__Work instruction__
Beginning with the line that holds "Superdry women's Lace" and finishing with the line that holds "For iPhone 11", repeat the listing exactly, leaving every picture out.

Data listing Block Start

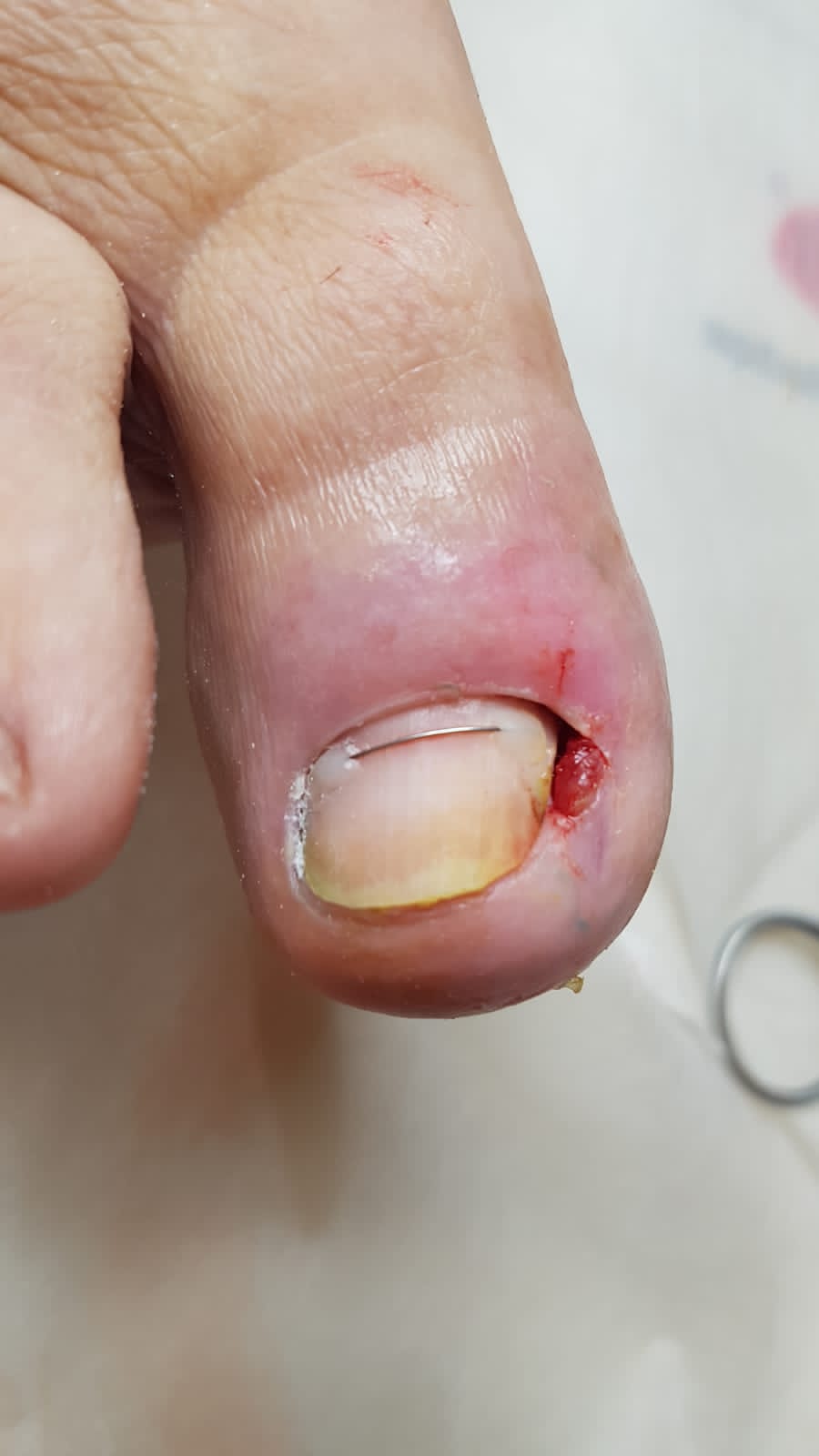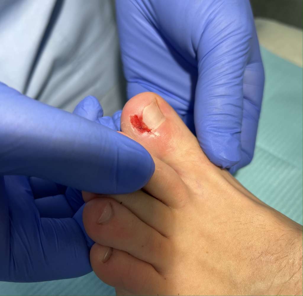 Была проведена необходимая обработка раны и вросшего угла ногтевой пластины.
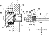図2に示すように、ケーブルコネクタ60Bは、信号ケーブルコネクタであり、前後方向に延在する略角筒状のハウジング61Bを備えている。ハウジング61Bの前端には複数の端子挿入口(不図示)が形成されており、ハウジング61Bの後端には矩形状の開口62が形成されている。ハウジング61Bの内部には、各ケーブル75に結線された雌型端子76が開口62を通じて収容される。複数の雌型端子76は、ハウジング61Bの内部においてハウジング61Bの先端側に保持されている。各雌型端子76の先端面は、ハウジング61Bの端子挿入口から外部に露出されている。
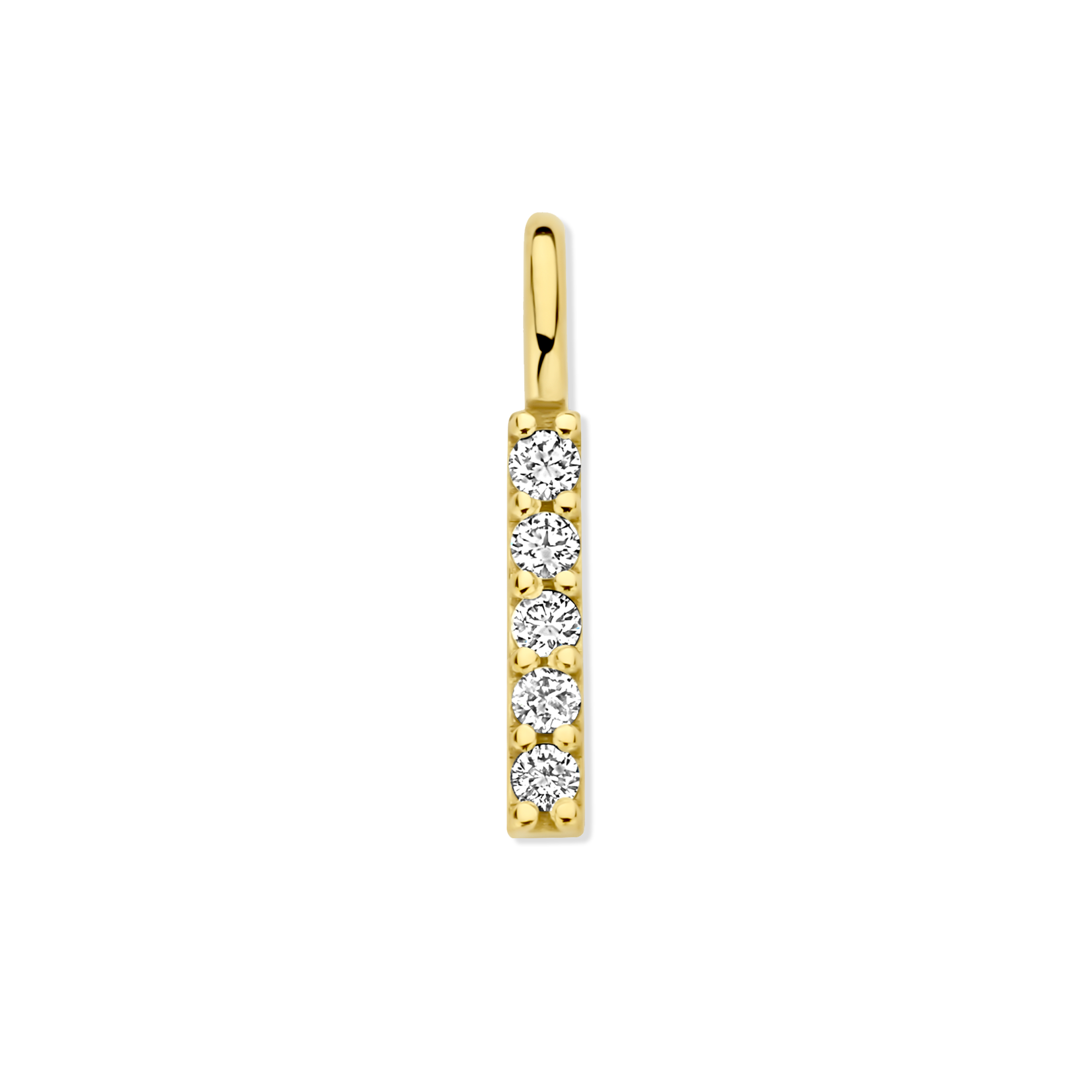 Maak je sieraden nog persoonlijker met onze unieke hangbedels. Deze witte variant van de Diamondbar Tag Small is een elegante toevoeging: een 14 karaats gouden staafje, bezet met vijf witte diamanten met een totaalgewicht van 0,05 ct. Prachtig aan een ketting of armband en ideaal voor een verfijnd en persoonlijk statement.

Data listing Block End
Data listing Block Start

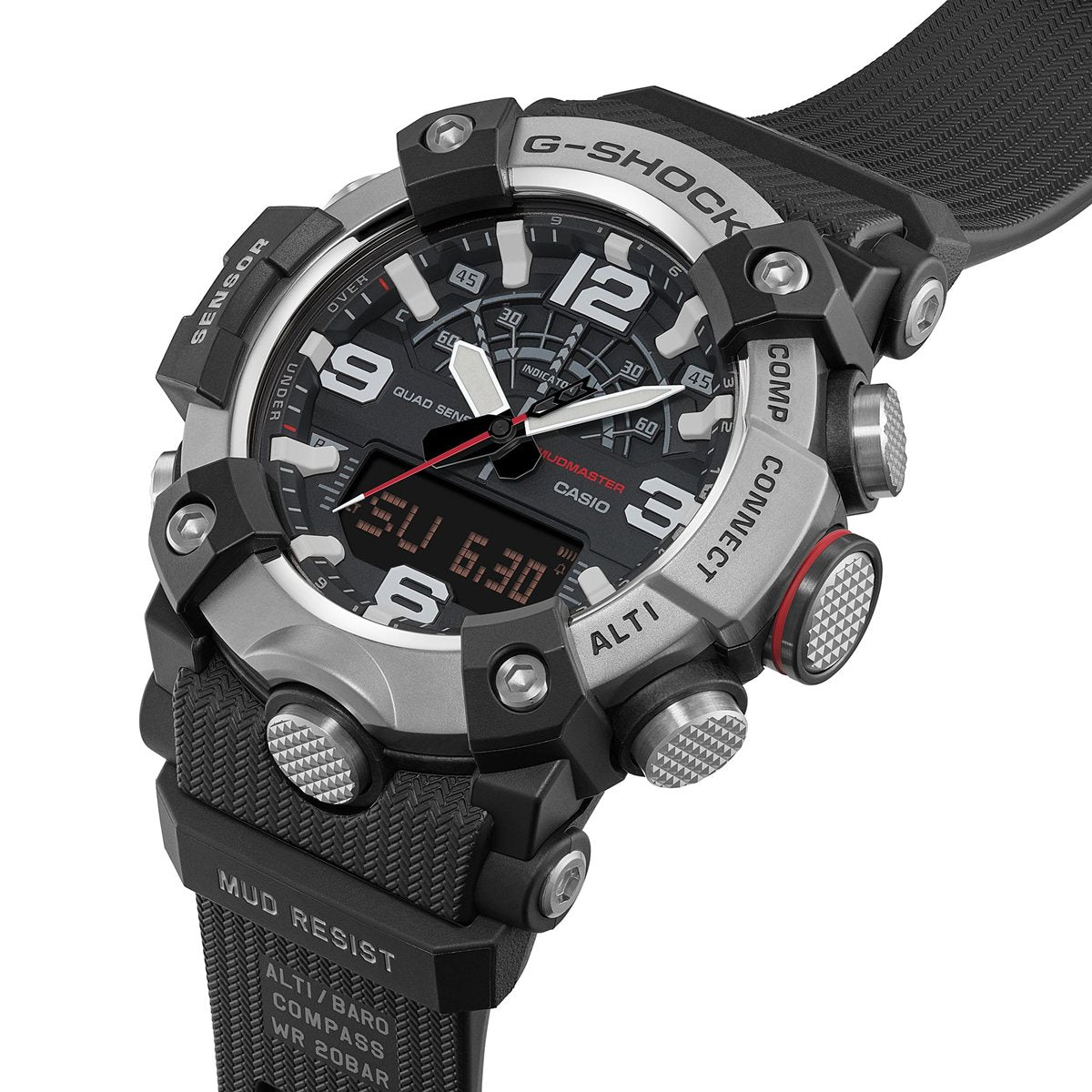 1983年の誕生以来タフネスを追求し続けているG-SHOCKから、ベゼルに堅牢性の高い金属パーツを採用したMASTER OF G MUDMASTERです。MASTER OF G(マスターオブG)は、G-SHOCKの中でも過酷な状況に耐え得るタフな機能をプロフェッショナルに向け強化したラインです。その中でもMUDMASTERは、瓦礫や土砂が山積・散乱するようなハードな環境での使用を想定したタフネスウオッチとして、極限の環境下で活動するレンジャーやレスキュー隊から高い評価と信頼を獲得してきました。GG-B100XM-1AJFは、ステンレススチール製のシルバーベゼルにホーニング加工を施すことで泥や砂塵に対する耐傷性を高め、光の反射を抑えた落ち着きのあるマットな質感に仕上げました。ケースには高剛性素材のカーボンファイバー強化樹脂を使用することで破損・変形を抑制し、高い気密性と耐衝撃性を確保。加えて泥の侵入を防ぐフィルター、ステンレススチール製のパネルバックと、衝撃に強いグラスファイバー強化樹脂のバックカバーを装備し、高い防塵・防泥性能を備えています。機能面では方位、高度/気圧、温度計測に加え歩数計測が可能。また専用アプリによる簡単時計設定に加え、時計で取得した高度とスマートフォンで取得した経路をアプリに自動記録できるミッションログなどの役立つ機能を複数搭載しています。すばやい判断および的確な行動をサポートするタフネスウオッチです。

Data listing Block End
Data listing Block Start

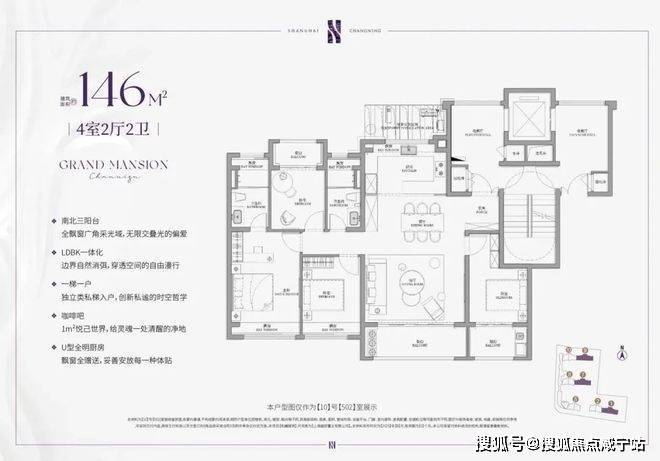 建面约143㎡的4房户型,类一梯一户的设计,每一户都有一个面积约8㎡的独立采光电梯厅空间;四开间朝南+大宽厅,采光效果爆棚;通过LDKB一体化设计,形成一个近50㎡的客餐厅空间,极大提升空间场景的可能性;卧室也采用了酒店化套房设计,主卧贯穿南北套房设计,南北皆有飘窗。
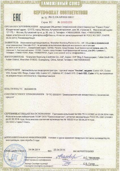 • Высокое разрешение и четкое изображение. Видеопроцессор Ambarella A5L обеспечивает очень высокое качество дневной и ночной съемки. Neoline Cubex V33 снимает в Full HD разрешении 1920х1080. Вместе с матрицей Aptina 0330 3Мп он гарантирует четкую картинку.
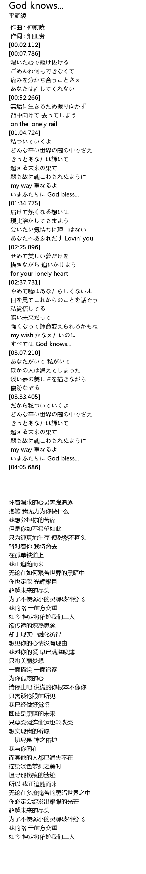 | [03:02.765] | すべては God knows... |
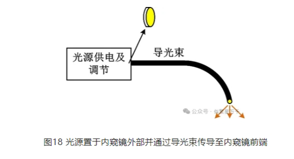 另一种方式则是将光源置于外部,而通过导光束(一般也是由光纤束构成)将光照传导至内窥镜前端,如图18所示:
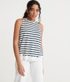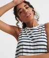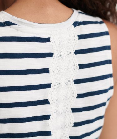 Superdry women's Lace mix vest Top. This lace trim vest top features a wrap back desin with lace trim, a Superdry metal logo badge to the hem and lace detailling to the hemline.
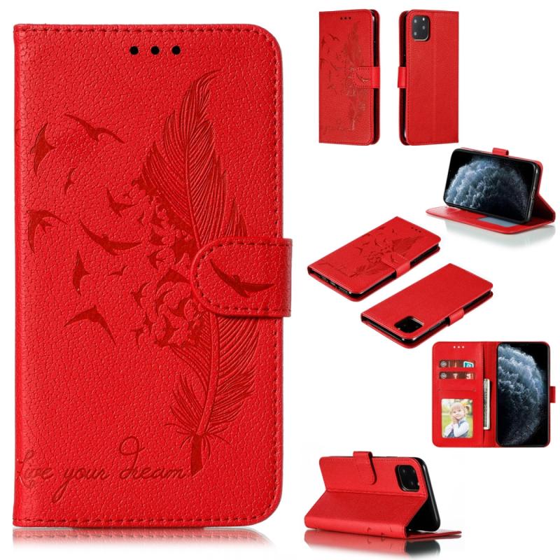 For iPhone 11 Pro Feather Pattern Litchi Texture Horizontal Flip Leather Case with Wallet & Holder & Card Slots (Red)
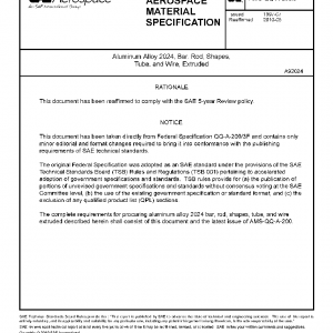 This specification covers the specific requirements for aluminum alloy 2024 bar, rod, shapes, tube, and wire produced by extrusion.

Data listing Block End

__Written answer__
 Superdry women's Lace mix vest Top. This lace trim vest top features a wrap back desin with lace trim, a Superdry metal logo badge to the hem and lace detailling to the hemline.
 For iPhone 11 Pro Feather Pattern Litchi Texture Horizontal Flip Leather Case with Wallet & Holder & Card Slots (Red)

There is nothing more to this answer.